Friday Jan 15. Sightseeing in Saigon

Written by Jack van Ommen on January 15th, 2010

I arrived here exactly two weeks ago but with all that I have seen and experienced it feels like more than a month ago that I left San Francisco. And the real exploration takes off tomorrow for a one month trip through Cambodia, Laos and Vietnam. I switched hotels once again. I liked where I stayed in the $20 room but this one for $18 is better and has better WiFi reception. My camera battery charger gave the spirit and I replaced it with a better version for $ 15.00; I looked at a larger zoom lens. Eight times stronger than the 28 to 200 mm I have now. This would be especially useful on the water, to pull in birds, whales etc. The costs is less here than in the Sates. It will only raise your subscriptions by $ 5.00 a month. I am tempted.

The next stop was at the Historical Museum in the Zoological and Botanical garden. This museum was built in 1927. It tells a very complete story about the history of Vietnam from prehistoric times onward. The Mongol invasion, wars with the Chinese, Thais and civil wars with different region’s war lords. The Cham (Hindhu) periodfrom 600 to 1100 B.C., of which descendants still remain in Vietnam. I stopped for my $ 1.00 Bun Cha Gio at the Cercle Sportif. I had my 1962 membership card printed out and I just could not help my self and show it to everyone around the pool. Andre was there again. What a character. He has a joke repertoire in French that had me cracked up for an hour.

Never before have I ever wished for a dentist appointment to last longer. I have been crowned and have no reason anylonger to look forward to have these gentle Asian ladies poke around in my mouth. 

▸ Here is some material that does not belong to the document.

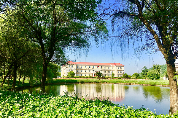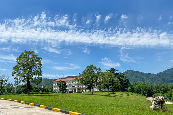 藍(lán)天白云下,蔥郁樹(shù)木錯(cuò)落點(diǎn)綴著如茵綠草,遠(yuǎn)處的辦公樓靜立其間,連綿青山為幕,勾勒出一幅明媚清新的自然景致。

Second sightseeing destination was the Thien Hau Temple a fair distance, to the West, from the center of Saigon. With the bicycle it was no challenge. As a matter of fact a bicycle is faster than a taxi because they just keep getting bogged down in traffic. This temple was built by Taoist Buddhist Chinese immigrants from Fujien/Canton in 1760.  There are many Thien Hau temples built by immigrants from S.E. China in coastal towns in Vietnam and elsewhere, there is one on Nobb Hill in San Francisco and one in Los Angeles China Town. Lady Lam Tuc Mac. According to the “Polity Chronicle of the Great Qing”, Lam Tuc Mac was the Goddess of Sea. She was born on March 23 (lunar year) and was the sixth daughter of Lam Nguyen, a native of Fujian province. This particular temple has some exceptional fine wall friezes depicting, for example, a dragon dance. The birthday of Lady Lam Tuc Mac  is March 23rd. The day that I return from Saigon to San Francisco.

It’s getting time to head towards the air port to meet Iris, my travel companion for the coming month.